(Data records)
=== Begin Enclosure ===

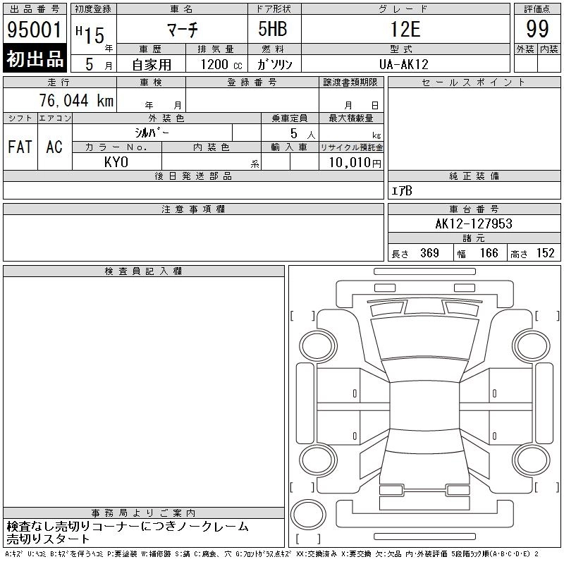 Статус продан Лот 95001 Аукцион CAA Chubu Дата аукциона 28.01.2026
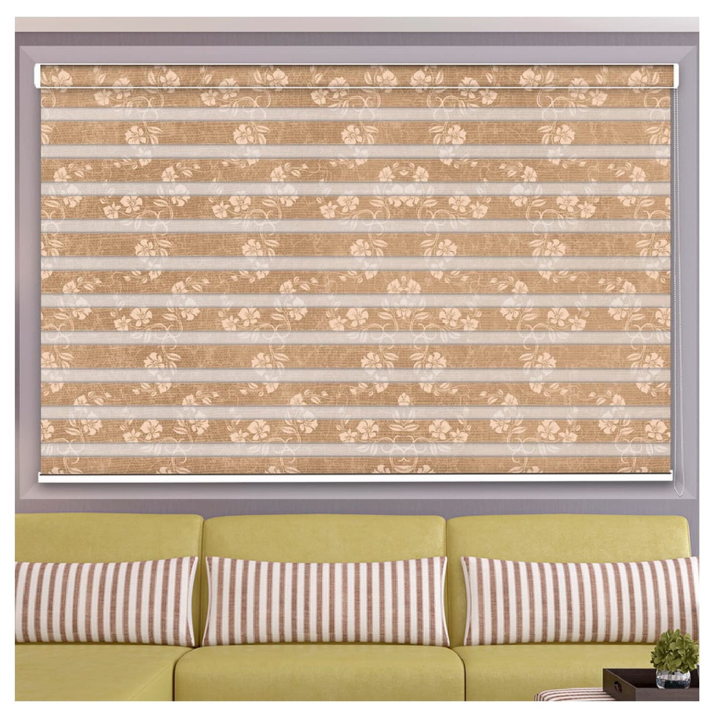 Zebra Blinds for Windows and Doors with Dual Shade, Horizontal Stripes, Blinds for Home & Office (Customized Size, Flower)
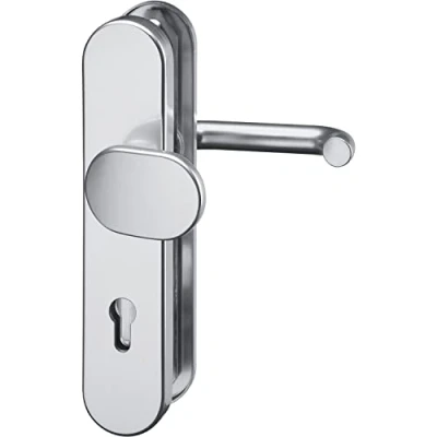 GRUNDMANN 117477 Silver FH 1752 Door Handle on Long Plate PZ 88, U Shape and Knob ÖNORM, Anodised Aluminium
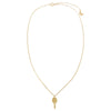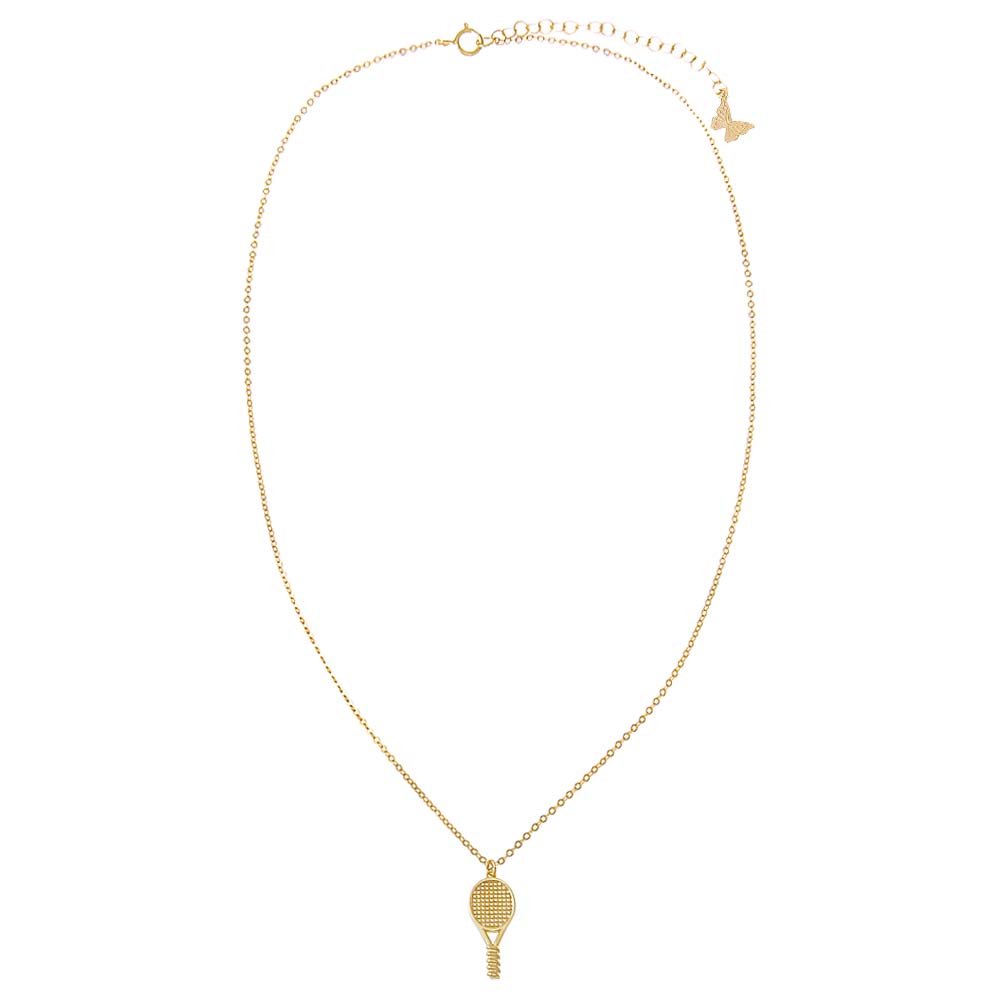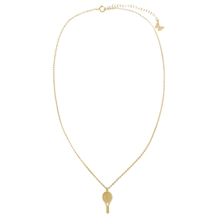 Adina Eden's Solid Tennis Racket Pendant Necklace is a stylish and sporty accessory, crafted from high-quality brass and plated in luxurious 14K gold. The necklace features a sleek 19mm tennis racket pendant, offering a refined yet playful design. With an adjustable length of 16" plus a 2" extender, this necklace is versatile for layering or wearing on its own as a statement piece. Perfect for tennis enthusiasts or anyone who enjoys unique jewelry, this necklace adds a fun yet sophisticated touch to any outfit.
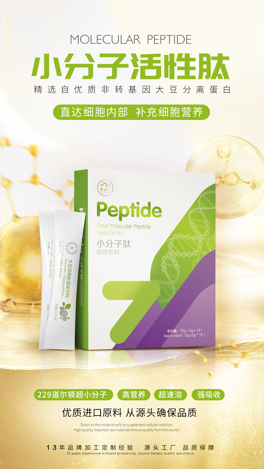 羅湖山生物特推出小分子肽固體飲料,進口原料,229道爾頓超小分子量,超快速吸收,高效轉化,超低能耗,甄選原料,脫色脫味,吃進嘴里的產品,必須有要求!
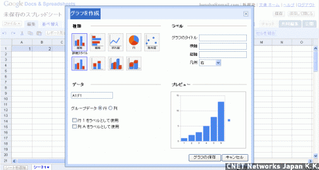 구글은 온라인상에서 워드프로세서 문서나 스프레드시트를 작성할 수 있는 서비스 「구글 독스 & 스프레드시트(Google Docs & Spreadsheet)」에 그래프 기능을 추가했다.
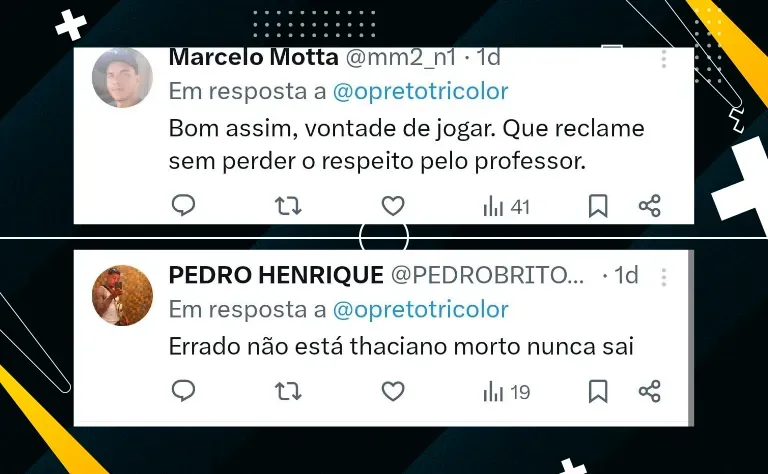 Rogério Ceni comentou a reação do jogador e justificou a substituição. “Acho que isso é normal do atleta. Qualquer um que saia… Tem que lembrar que ele foi escolhido para entrar antes de sair e que o jogo não ofereceu para ele os confrontos. O Damian marcou ele bem, Biel não levou vantagem”.
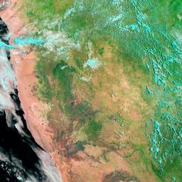| Keywords: Namibia TMO 2006058 lrg.jpg Flooding in Namibia Several days of heavy rain triggered devastating floods in south-central Namibia at the end of February 2006 The rains filled the Hardap Dam and on Saturday February 25 the water flowed through the flood gates and flooded the city of Mariental When the Moderate Resolution Imaging Spectroradiometer MODIS on NASA ™s Terra satellite captured the top image on February 27 the overflow of water had swollen the Fish River south of the city The bright green agricultural region around the city was also still flooded when this image was taken According to the United Nations Office for the Coordination of Humanitarian Affairs 122 houses and 80 businesses were submerged at the time of this image Two people drowned in the floods These images are shown in false color Plant-covered land is green with agricultural land much brighter than natural vegetation Bare earth is tan and pink water is blue and clouds are pale blue and white The lower image shows the Hardap region on February 15 before the rains started http //visibleearth nasa gov/view_rec php id 20502 Ma7 26th 2007 Credit NASA images created by Jesse Allen Earth Observatory using data obtained from the Goddard Earth Sciences DAAC NASA Terms of Use; For all non-private uses NASA's Terms Of Use are as follows The imagery is free of licensing fees NASA requires that they be provided a credit as the owners of the imagery Visible Earth Addendum Beyond the NASA Terms the Visible Earth team requests but does not require The Visible Earth be provided a credit as the location that the imagery was found at A URL be provided either to the Visible Earth http //visibleearth nasa gov/ or to the page providing the link to the used image PD-USGov Satellite pictures of Namibia |
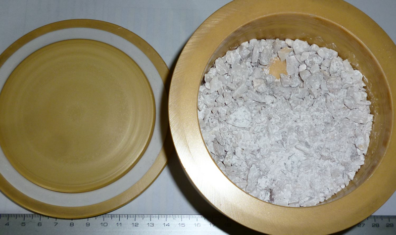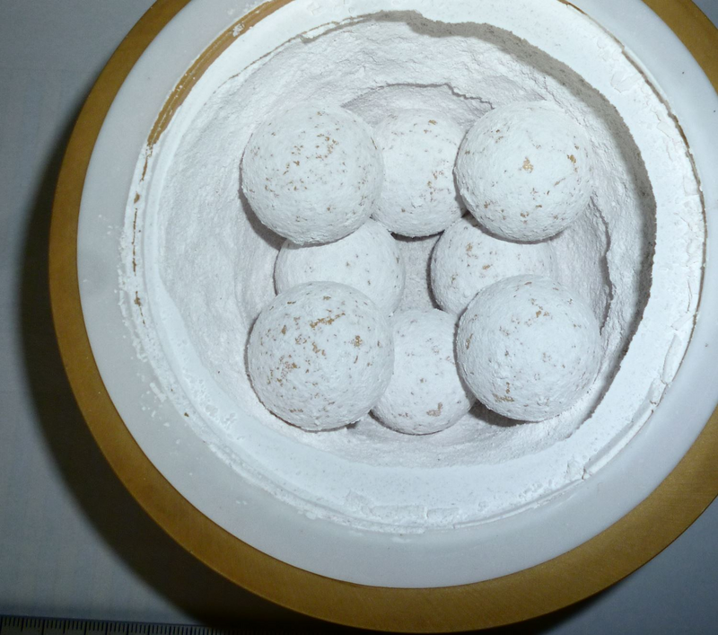 Still particles up to 3-4 mm can be found. For this, a longer dry grinding time is not recommended. A small amount of sample has been taken out for demonstration.
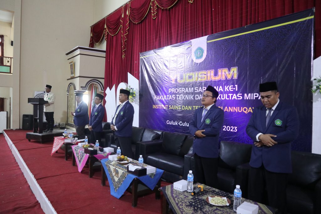 Institut Sains dan Teknologi Annuqayah, Guluk guluk Sumenep Madura menggelar Yudisium bagi Program Sarjana ke-1 Fakultas Ilmu Pengetahuan Alam (MIPA) dan Fakultas Teknik di Aula Asy-Syarqawi Pondok Pesantren Annuqayah, Kamis (04/10/2023)
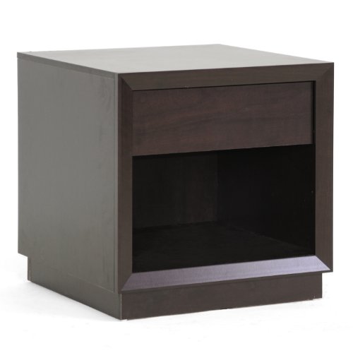 This minimalist, unobtrusively-designed modern living room table can double in purpose as a nightstand and excels at both. Our Girvin Designer End Table is built in Malaysia with an engineered wood frame, non-marking feet, brown faux wood grain paper veneer and a single drawer. This modern nightstand requires assembly and should be dusted clean with a dry cloth. Dimension:22.2"Wx22.125"Dx22.25"H, shelf dimension:21"Wx20.5"Dx10.25"H, drawer dimension: 15.875"Wx15.125"Dx3.75"H.Feature
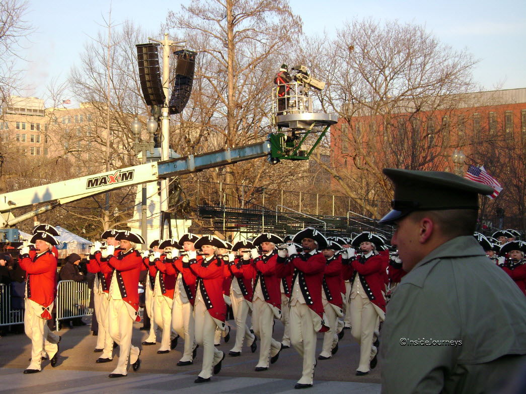 In the excitement of the day, we decided we wanted to attend the parade but didn’t have tickets. We hadn’t planned that far ahead. We got lucky. We met someone whose party didn’t show and she had extra tickets which she willingly gave them to us. We found seats on bleachers near the White House and waited for the president, vice president and their wives to arrive.
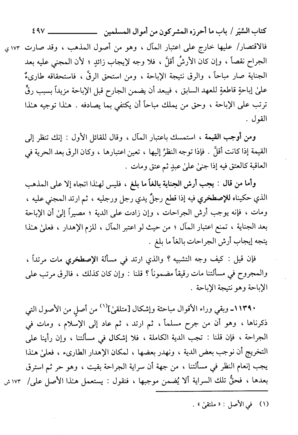 فالاقتصار عليها خارج على اعتبار المآل، وهو من أصول المذهب، وقد صارت الجراح نقصاً، وإن كان الأرشُ أقلَّ، فلا وجه لإيجاب زائدٍ؛ لأن المجني عليه بعد الجناية صار مباحاً، والرق نتيجة الإباحة، ومن استحق الرقَّ، فاستحقاقه طارئٌ على إباحةٍ قاطعةٍ للعهد السابق، فيبعد أن يضمن الجارح قبل الإباحة مزيداً بسبب رقٍّ ترتب على الإباحة، وحق من يملك مباحاً أن يكتفي بما يصادفه. هذا توجيه هذا القول.
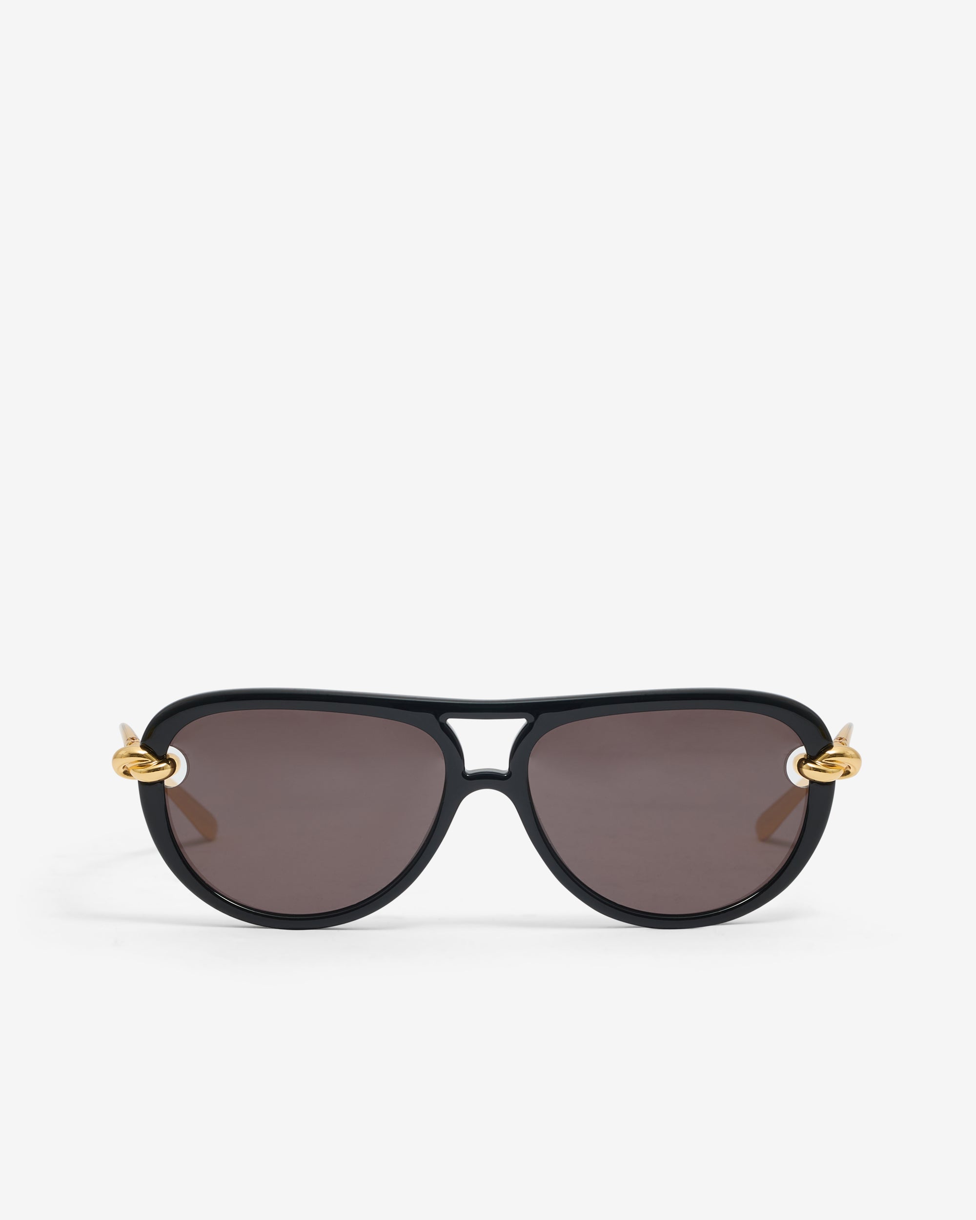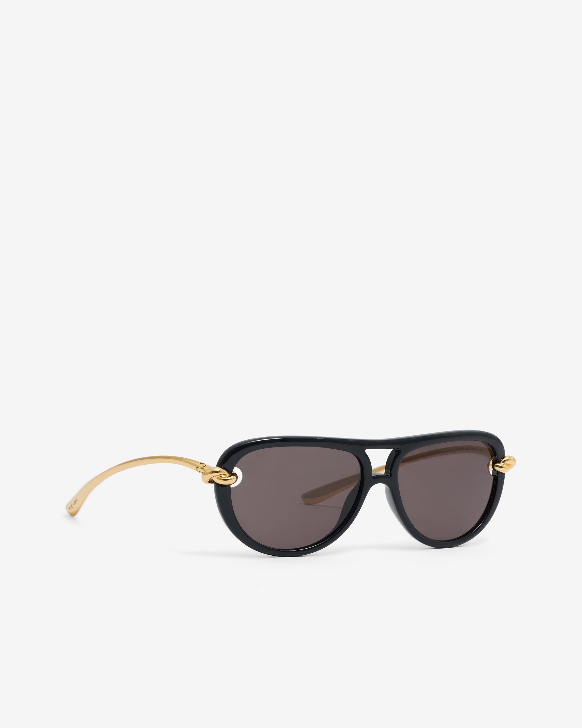 Aviator sunglasses in polyamide with sleek temples, featuring signature gold-finished knot details.

=== End Enclosure ===

▶ **Assignment**:
Pictures stay out. Print the data exactly, from its first line through the line containing "Rogério Ceni comentou".

▶ **Finished exercise**:
 Статус продан Лот 95001 Аукцион CAA Chubu Дата аукциона 28.01.2026
 Zebra Blinds for Windows and Doors with Dual Shade, Horizontal Stripes, Blinds for Home & Office (Customized Size, Flower)
 GRUNDMANN 117477 Silver FH 1752 Door Handle on Long Plate PZ 88, U Shape and Knob ÖNORM, Anodised Aluminium
 Adina Eden's Solid Tennis Racket Pendant Necklace is a stylish and sporty accessory, crafted from high-quality brass and plated in luxurious 14K gold. The necklace features a sleek 19mm tennis racket pendant, offering a refined yet playful design. With an adjustable length of 16" plus a 2" extender, this necklace is versatile for layering or wearing on its own as a statement piece. Perfect for tennis enthusiasts or anyone who enjoys unique jewelry, this necklace adds a fun yet sophisticated touch to any outfit.
 羅湖山生物特推出小分子肽固體飲料,進口原料,229道爾頓超小分子量,超快速吸收,高效轉化,超低能耗,甄選原料,脫色脫味,吃進嘴里的產品,必須有要求!
 구글은 온라인상에서 워드프로세서 문서나 스프레드시트를 작성할 수 있는 서비스 「구글 독스 & 스프레드시트(Google Docs & Spreadsheet)」에 그래프 기능을 추가했다.
 Rogério Ceni comentou a reação do jogador e justificou a substituição. “Acho que isso é normal do atleta. Qualquer um que saia… Tem que lembrar que ele foi escolhido para entrar antes de sair e que o jogo não ofereceu para ele os confrontos. O Damian marcou ele bem, Biel não levou vantagem”.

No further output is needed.